Supplied data
• • • • • • •
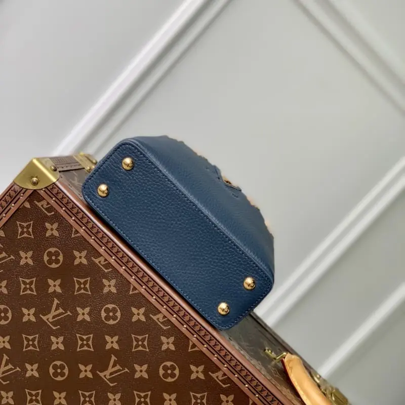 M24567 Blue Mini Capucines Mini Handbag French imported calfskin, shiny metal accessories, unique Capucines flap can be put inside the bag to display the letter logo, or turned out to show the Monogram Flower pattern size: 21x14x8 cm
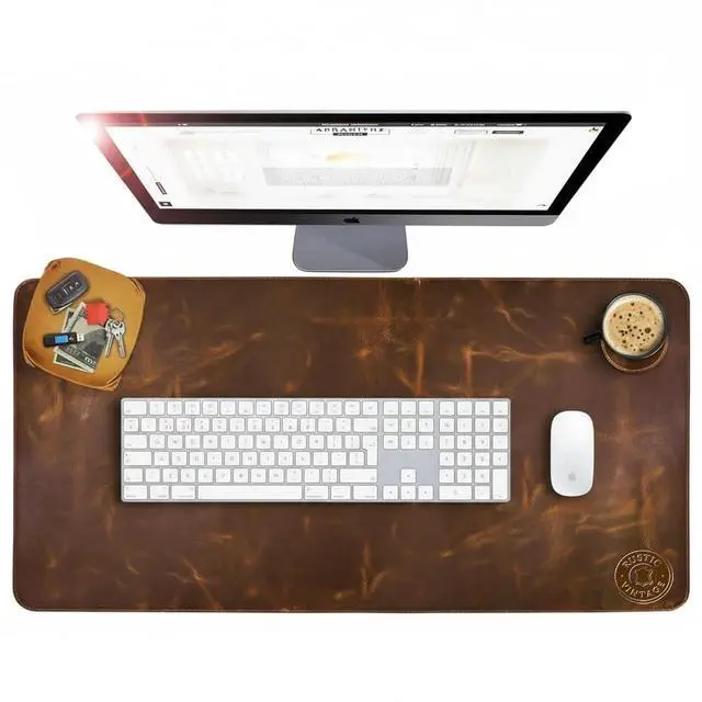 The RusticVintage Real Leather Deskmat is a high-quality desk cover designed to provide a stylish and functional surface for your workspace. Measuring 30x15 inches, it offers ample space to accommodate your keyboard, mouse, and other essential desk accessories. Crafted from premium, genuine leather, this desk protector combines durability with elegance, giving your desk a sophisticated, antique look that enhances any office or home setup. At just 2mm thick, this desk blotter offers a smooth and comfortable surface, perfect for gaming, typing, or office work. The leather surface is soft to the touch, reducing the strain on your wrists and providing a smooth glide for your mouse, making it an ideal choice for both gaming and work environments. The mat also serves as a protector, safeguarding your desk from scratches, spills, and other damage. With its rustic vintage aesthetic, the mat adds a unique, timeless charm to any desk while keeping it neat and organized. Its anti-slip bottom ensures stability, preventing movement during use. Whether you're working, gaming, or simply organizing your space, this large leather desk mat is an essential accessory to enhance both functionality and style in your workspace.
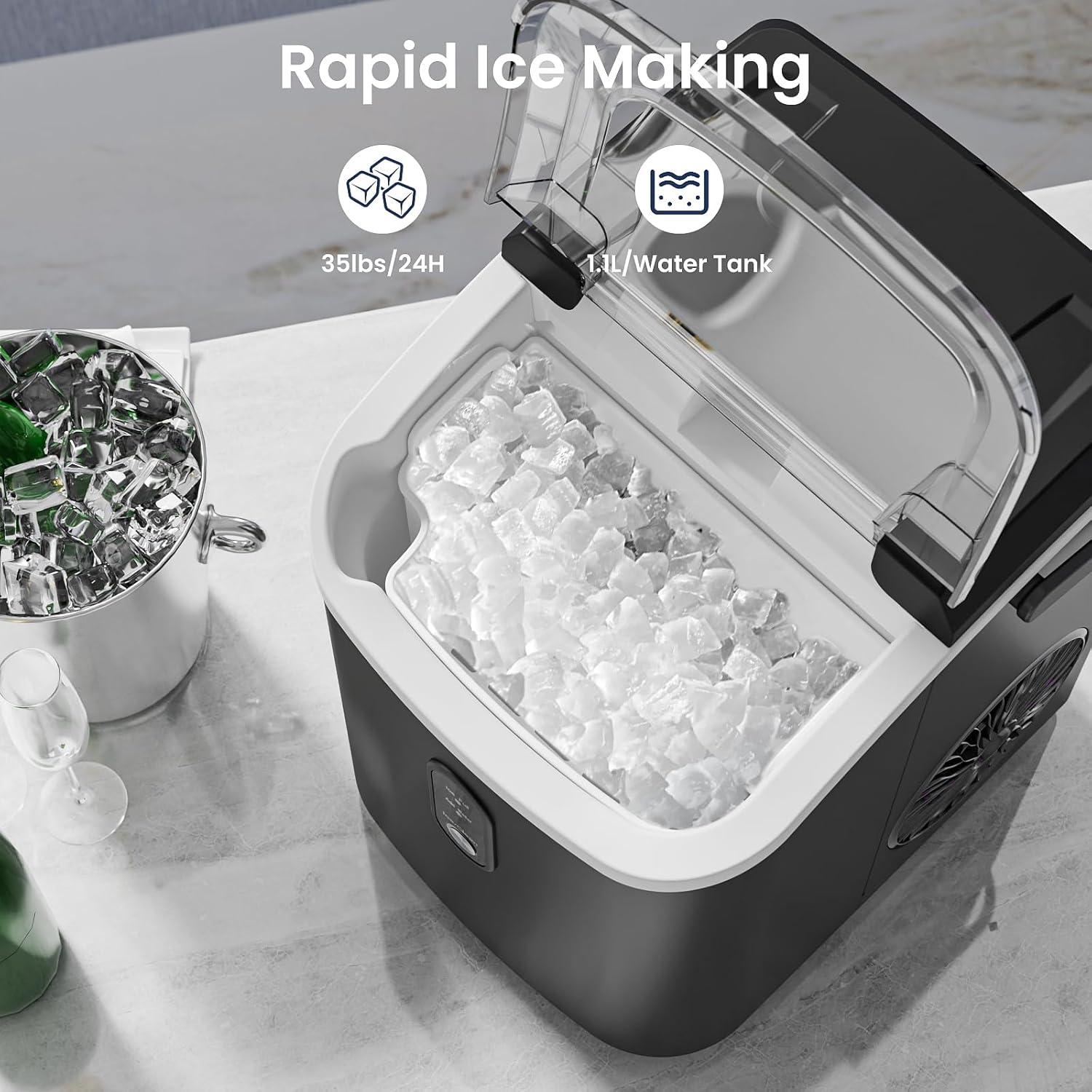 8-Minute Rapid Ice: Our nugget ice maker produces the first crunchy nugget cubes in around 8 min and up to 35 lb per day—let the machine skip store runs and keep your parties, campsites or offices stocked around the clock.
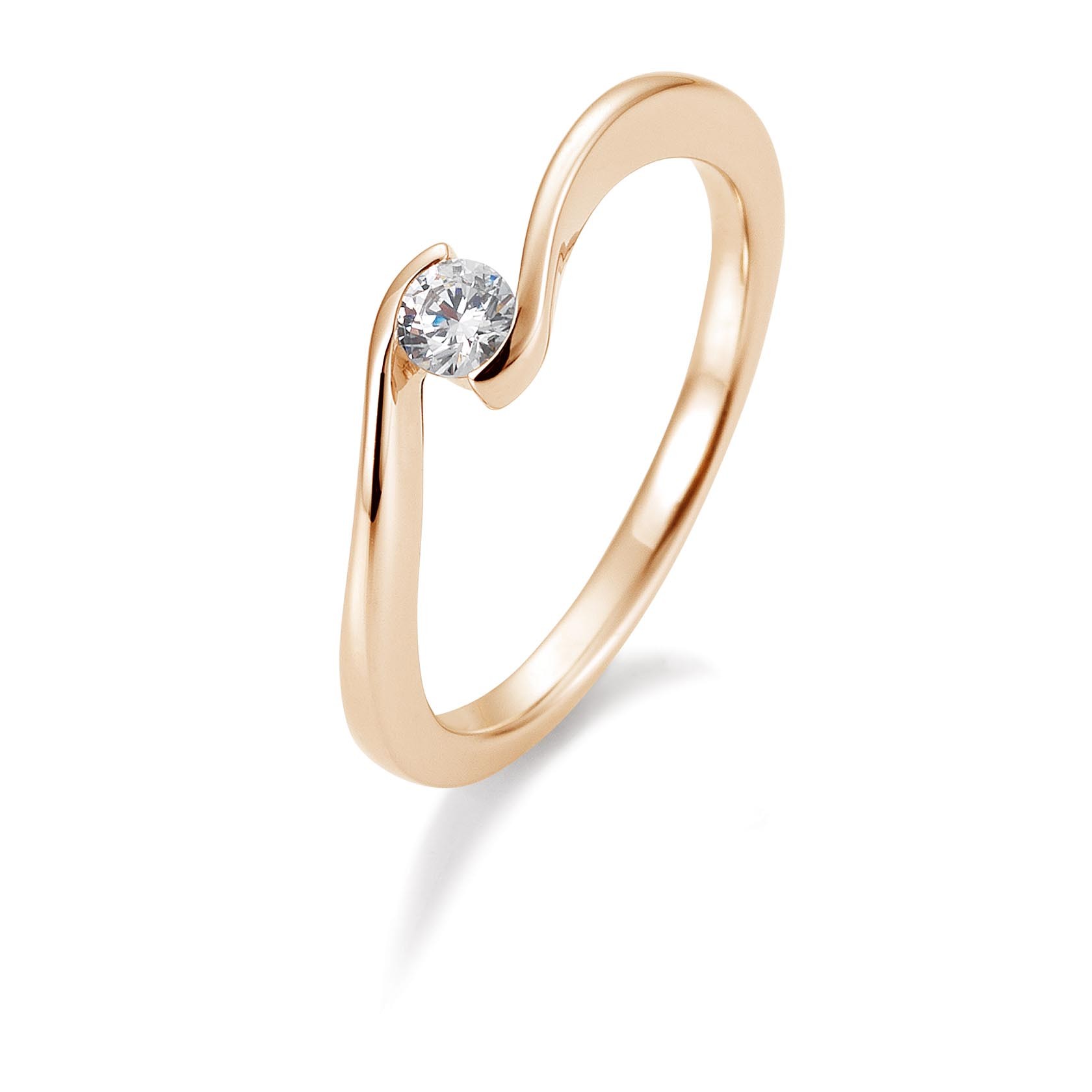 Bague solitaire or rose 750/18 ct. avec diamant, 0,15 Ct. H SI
• • • • • • •
Task directions
Reproduce the data above in full, exactly, with the images removed.

Solution to this task
 M24567 Blue Mini Capucines Mini Handbag French imported calfskin, shiny metal accessories, unique Capucines flap can be put inside the bag to display the letter logo, or turned out to show the Monogram Flower pattern size: 21x14x8 cm
 The RusticVintage Real Leather Deskmat is a high-quality desk cover designed to provide a stylish and functional surface for your workspace. Measuring 30x15 inches, it offers ample space to accommodate your keyboard, mouse, and other essential desk accessories. Crafted from premium, genuine leather, this desk protector combines durability with elegance, giving your desk a sophisticated, antique look that enhances any office or home setup. At just 2mm thick, this desk blotter offers a smooth and comfortable surface, perfect for gaming, typing, or office work. The leather surface is soft to the touch, reducing the strain on your wrists and providing a smooth glide for your mouse, making it an ideal choice for both gaming and work environments. The mat also serves as a protector, safeguarding your desk from scratches, spills, and other damage. With its rustic vintage aesthetic, the mat adds a unique, timeless charm to any desk while keeping it neat and organized. Its anti-slip bottom ensures stability, preventing movement during use. Whether you're working, gaming, or simply organizing your space, this large leather desk mat is an essential accessory to enhance both functionality and style in your workspace.
 8-Minute Rapid Ice: Our nugget ice maker produces the first crunchy nugget cubes in around 8 min and up to 35 lb per day—let the machine skip store runs and keep your parties, campsites or offices stocked around the clock.
 Bague solitaire or rose 750/18 ct. avec diamant, 0,15 Ct. H SI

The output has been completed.